Ainsi, l’histoire et le droit pourraient parfaitement prendre en charge, chacun
de son côté, ce qu’apporte actuellement l’EMC.
Ce tronc commun serait maintenu dans tout l’enseignement
général secondaire, parce que même un élève « pas matheux » a besoin
de maîtriser un certain nombre de bases mathématiques, et qu’un élève
« pas littéraire » a quand même besoin d’avoir lu un certain nombre
de textes. En revanche, à partir de la première, voire de la seconde, les
élèves pourraient moduler ces enseignements en leur attribuant un poids plus ou
moins important. On éviterait ainsi de recréer les filières trop rigides de
l’ancien système – la possibilité de se spécialiser à la fois en philo et en maths est un des rares mérites qu’on peut
reconnaître à la réforme Macron-Blanquer –, mais on garderait une structure
disciplinaire, au lieu de partir dans les joyeux mélanges du style
« Histoire-géographie, géopolitiques et sciences politiques », qui ne
font que rarement sens pour des élèves si jeunes.
Cela n’empêcherait
évidemment pas les professeurs de mettre en place des projets
transdisciplinaires, mais à la condition de conserver la priorité à
l’enseignement disciplinaire de base.
Enfin, dans le cadre des classes de niveau, les élèves des
filières « bêta » et « gamma » pourraient choisir une ou
plusieurs options : langues anciennes, langue vivante supplémentaire,
langues régionales, sans parler des options qui existent déjà ou que nous
pourrions créer – théâtre, cinéma, arts du cirque, histoire de l’art, histoire
des religions, culture générale, informatique, la liste est longue.

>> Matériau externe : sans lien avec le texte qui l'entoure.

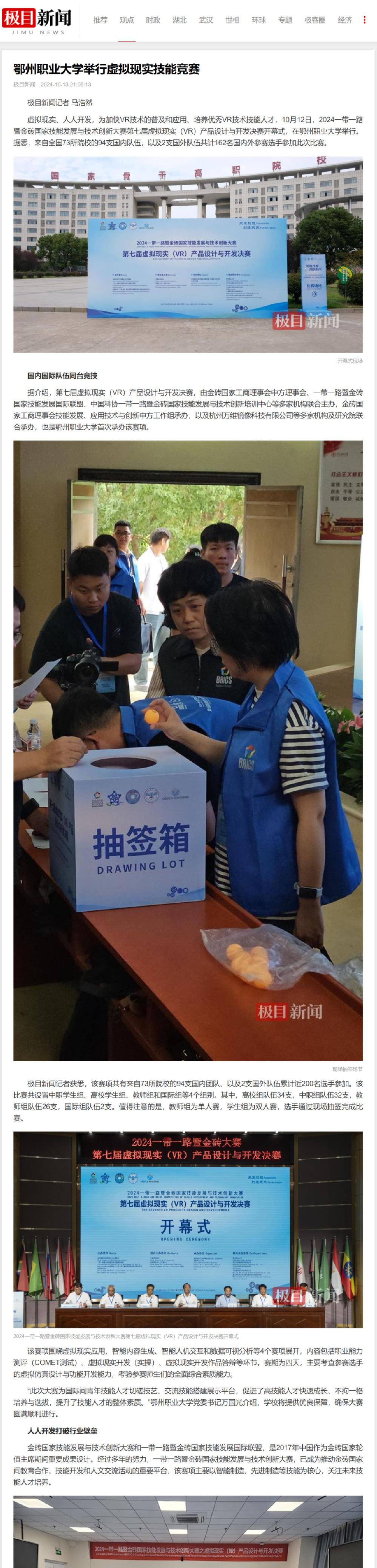 《今日头条》新闻来源链接:鄂州职业大学举行虚拟现实技能竞赛-今日头条 (toutiao.com)

Troisième étage de la fusée : la modulation du nombre
d’élèves par classe en fonction de l’âge et du niveau. Elle se ferait selon
deux principes : plus les élèves sont jeunes, plus la classe doit être
petite ; plus les élèves sont solides, plus la classe peut être grosse.
Ainsi, il ne faudrait jamais dépasser
20 élèves par classe en primaire (et 15 serait préférable), puis, dans les
filières alpha, 25 au collège et 30 au lycée. En revanche, les filières bêta et
gamma pourraient être plus chargées : 30, voire 35 élèves en collège, et
35, voire 40 en lycée. J’en ai fait personnellement l’expérience dans un
dispositif que j’ai mis en place à Mayotte : quand les élèves sont solides
et motivés par ce qu’ils font, on peut sans aucun problème enseigner à 40
lycéens en même temps.
Quatrième et dernier étage de la fusée : la mise en
place de structures pour les élèves dont j’ai parlé dans mon billet précédent,
ceux qui ne sont pas faits pour cet enseignement, qui s’y ennuient et qui y
souffrent d’un échec chronique. Pour eux, le tronc commun donné plus haut
serait valable uniquement jusqu’à la fin de la 3e, dans le cadre du
collège unique. Ensuite, le système actuel serait réorganisé : actuellement,
le lycée technique et le lycée général forment un bloc très séparé du lycée
professionnel et agricole, le choix entre un bloc et l’autre se faisant à la
fin de la 3e. Dans le nouveau régime, la filière générale
commencerait dès la seconde, et serait réservée à ceux qui sont vraiment faits pour ces enseignements,
qui s’y intéressent et qui y réussissent[1].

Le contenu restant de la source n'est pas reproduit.